● **ASSIGNED TASK**
Without the pictures, extract every line from the start of the material to the line containing "The Daily SuDoku: Tue 30-Apr-2013", both ends included.

● **RECORDED DATA**

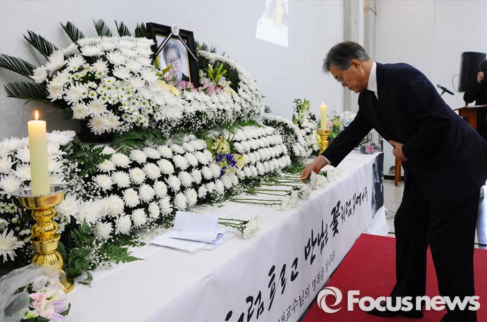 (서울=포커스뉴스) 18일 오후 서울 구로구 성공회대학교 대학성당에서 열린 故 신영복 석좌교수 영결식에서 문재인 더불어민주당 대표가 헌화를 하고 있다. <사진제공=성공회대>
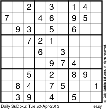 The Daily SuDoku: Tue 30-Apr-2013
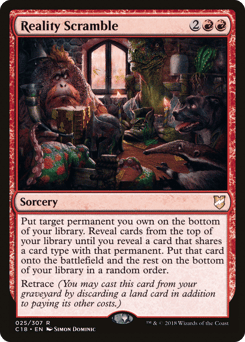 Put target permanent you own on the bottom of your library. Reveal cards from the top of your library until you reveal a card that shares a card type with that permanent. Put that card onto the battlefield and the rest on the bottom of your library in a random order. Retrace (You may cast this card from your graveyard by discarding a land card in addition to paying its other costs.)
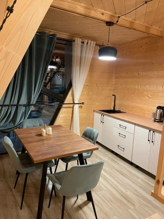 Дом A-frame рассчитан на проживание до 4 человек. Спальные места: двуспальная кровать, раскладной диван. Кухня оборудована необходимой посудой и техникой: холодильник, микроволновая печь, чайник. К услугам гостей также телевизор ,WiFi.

● **RESULT**
 (서울=포커스뉴스) 18일 오후 서울 구로구 성공회대학교 대학성당에서 열린 故 신영복 석좌교수 영결식에서 문재인 더불어민주당 대표가 헌화를 하고 있다. <사진제공=성공회대>
 The Daily SuDoku: Tue 30-Apr-2013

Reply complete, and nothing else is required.